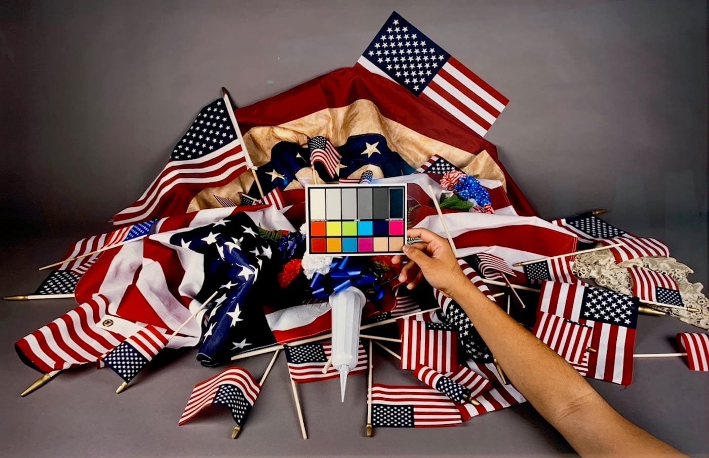 Artist Stephanie Syjuco was an easy favorite of the press preview and VIP crowd. Ryan Lee gallery is showing a carefully curated selection of her probing photographs, which riff upon clashing concepts of America and current events. The San Francisco-based Filipino artist specializes in finding the artifice of everyday life and then making that the focus of her work. In her images, couples face their back to the camera, cloaked in green screen outfits. She creates applicant photos with migrants who shroud their faces in cloth. The checkered Photoshop pattern appears on a blanket that’s draped across a figure’s entire body; it’s like a request for anonymity or deletion. My favorite of all is Syjuco’s “Color Checker (Pileup)” (2019), which features a still-life of patriotic paraphernalia in the background and a rainbow ColorChecker card thrust into the foreground by the artist’s hand. At a moment when the politics of white nationalism threatens to engulf America, it’s hard not to see the colorful checker card as a reminder of our nation’s diversity. What other colors are hiding behind red, white, and blue?
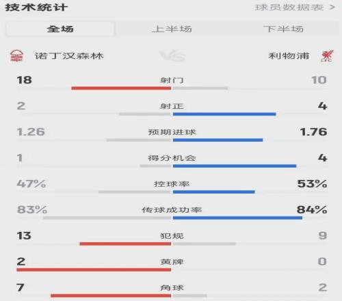 數(shù)據(jù)不會(huì)說謊:森林射門18-10,預(yù)期進(jìn)球1.26-1.76,絕對(duì)機(jī)會(huì)1-4。
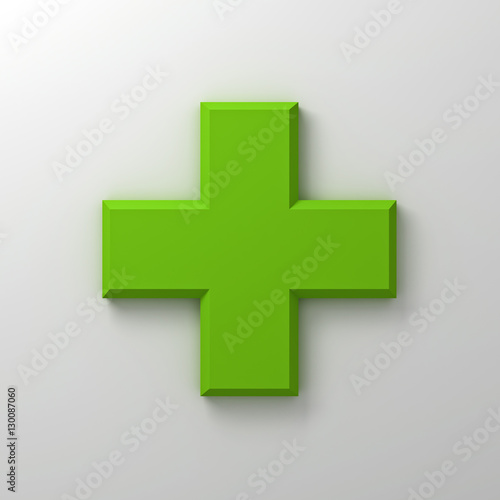 © masterzphotofo, Obraz premium Green plus sign abstract on white wall background with shadow 3D rendering
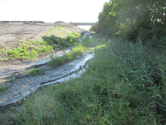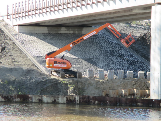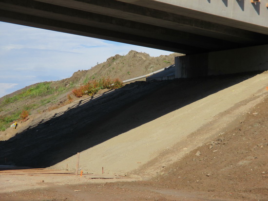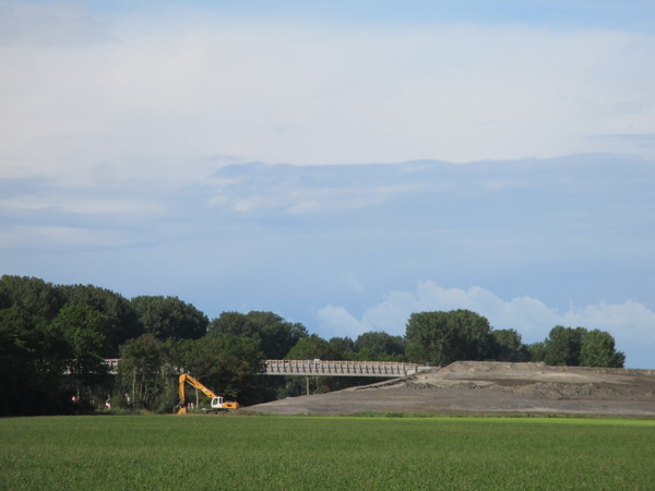 Het immense talud aan de noordwestkant van de NVH-brug. Hoeveel kiepauto’s baggergrond hier gestort zijn??!
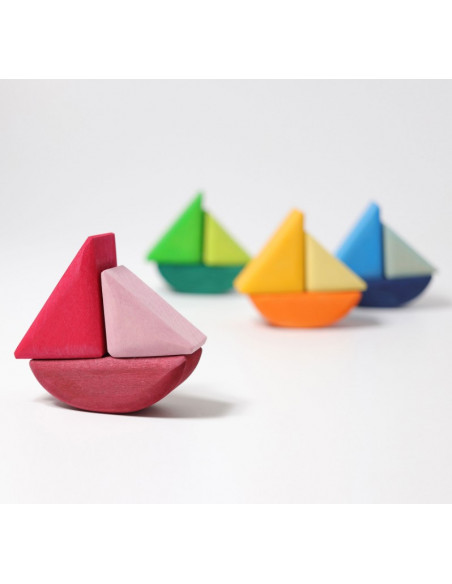 Petits bateaux à bascule en bois de la marque allemande Grimm's.
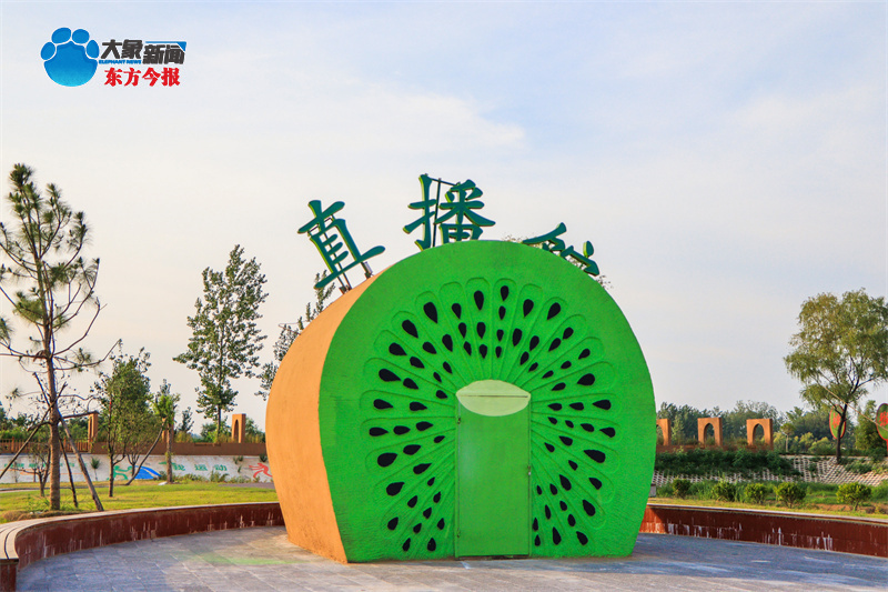 在新天源猕猴桃种植基地附近的一个广场上,草庙集乡打造了一个猕猴桃广场,广场上有猕猴桃造型的展示馆和直播馆。李鋆表示,下一步,会把这个广场作为农特产品直播带货基地,让电商带动产业发展。

□ □ □

What you have to do — Everything in the data except the pictures must be transcribed exactly.

Problem solution —
 Artist Stephanie Syjuco was an easy favorite of the press preview and VIP crowd. Ryan Lee gallery is showing a carefully curated selection of her probing photographs, which riff upon clashing concepts of America and current events. The San Francisco-based Filipino artist specializes in finding the artifice of everyday life and then making that the focus of her work. In her images, couples face their back to the camera, cloaked in green screen outfits. She creates applicant photos with migrants who shroud their faces in cloth. The checkered Photoshop pattern appears on a blanket that’s draped across a figure’s entire body; it’s like a request for anonymity or deletion. My favorite of all is Syjuco’s “Color Checker (Pileup)” (2019), which features a still-life of patriotic paraphernalia in the background and a rainbow ColorChecker card thrust into the foreground by the artist’s hand. At a moment when the politics of white nationalism threatens to engulf America, it’s hard not to see the colorful checker card as a reminder of our nation’s diversity. What other colors are hiding behind red, white, and blue?
 數(shù)據(jù)不會(huì)說謊:森林射門18-10,預(yù)期進(jìn)球1.26-1.76,絕對(duì)機(jī)會(huì)1-4。
 © masterzphotofo, Obraz premium Green plus sign abstract on white wall background with shadow 3D rendering
 Het immense talud aan de noordwestkant van de NVH-brug. Hoeveel kiepauto’s baggergrond hier gestort zijn??!
 Petits bateaux à bascule en bois de la marque allemande Grimm's.
 在新天源猕猴桃种植基地附近的一个广场上,草庙集乡打造了一个猕猴桃广场,广场上有猕猴桃造型的展示馆和直播馆。李鋆表示,下一步,会把这个广场作为农特产品直播带货基地,让电商带动产业发展。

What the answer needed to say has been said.